Sometimes the future seems like it’s an awfully long way away. If a roof is going to last 30 years, why should we worry about it today? Same with that shiny new boiler or that flat, crack-free pavement just poured two summers ago. Eventually, though, everything new grows old. Wear and tear sets in and soon, those elements we thought would last forever need to be repaired and replaced.
How much should your community have socked away? That is where a reserve study, or sometimes what’s called a capital needs assessment in New York City, comes in handy—very handy, in fact, because it means the co-op or condo community has been setting aside savings for years in order to pay for those replacements and repairs.

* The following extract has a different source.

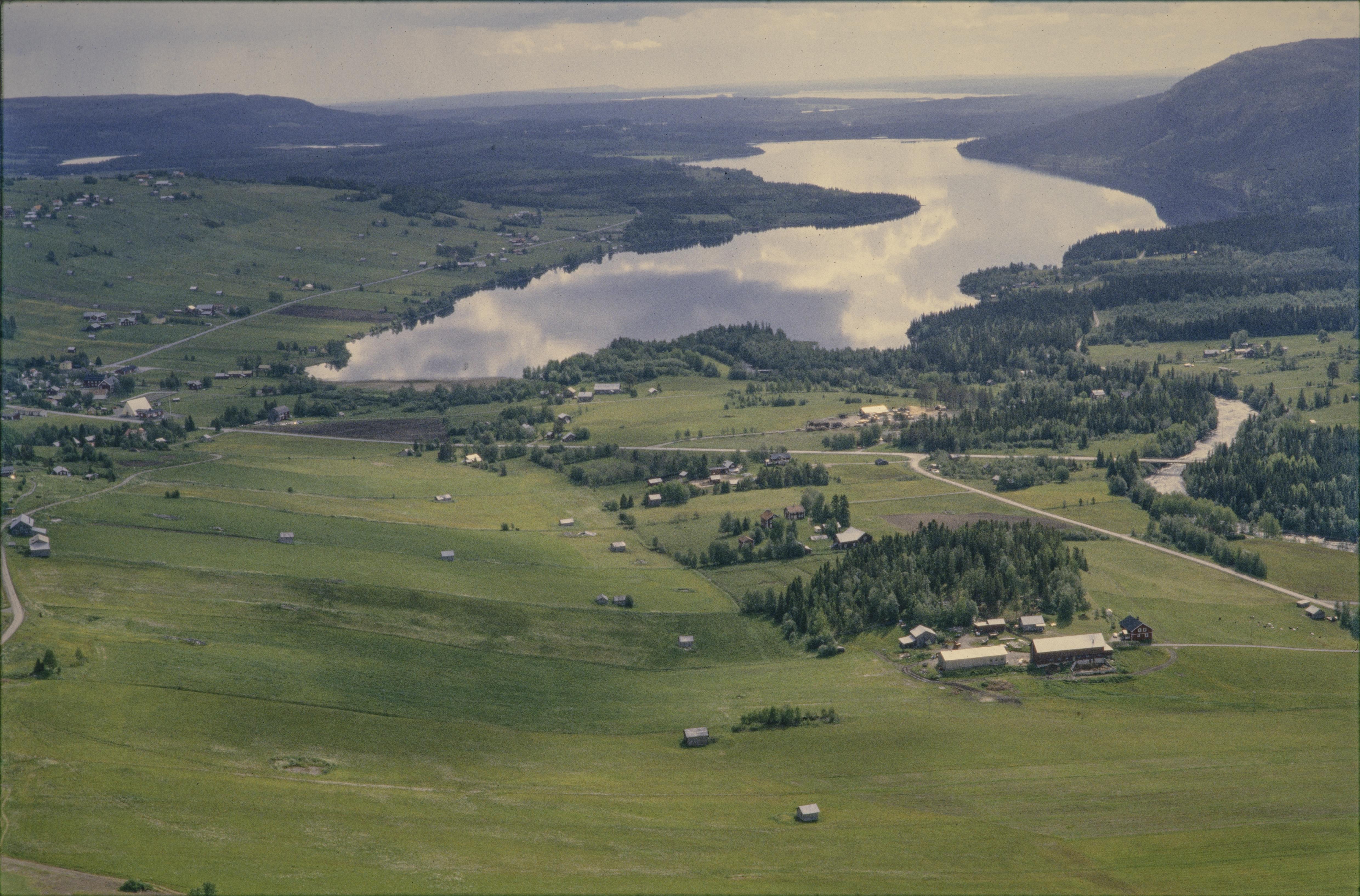 Beskrivning: Orten Kaxås vid Åfloåns utlopp i Hällsjön. Nygården till höger i bildens nedre del. I mitten av högra bildkant hammarområde RAÄnr Offerdal 164:1 vid Åfloån. Bilden är tagen mot (väderstreck): OSO

While reserve studies are more common in other parts of the tri-state area, they were not always popular in Manhattan, says leading reserve study specialist Mitch Frumkin, PE, RS, CGP, president and founder of Kipcon, a full-service engineering firm headquartered in North Brunswick, New Jersey. “In Manhattan, people were forever steered away from reserve studies because it was putting an obligation on buildings to set aside money.”
Capital Needs Assessments
That changed dramatically when the number of mortgages in the city backed by Fannie Mae, Freddie Mac and the Federal Housing Administration (FHA) began to grow. “Five or six years ago, they only represented five percent of mortgages,” says Frumkin. “Today, 75 percent of condo mortgages are guaranteed by FHA, Fannie Mae and Freddie Mac.”
This tilted the scale in favor of reserve studies because “they have regulations for insuring mortgages and in order for it to be guaranteed, there are certain requirements that have to be met,” Frumkin says. One of those requirements is that ten percent of the budget must be set aside on an annual basis for future repairs, or the board must do a reserve study that shows they can afford to put aside less.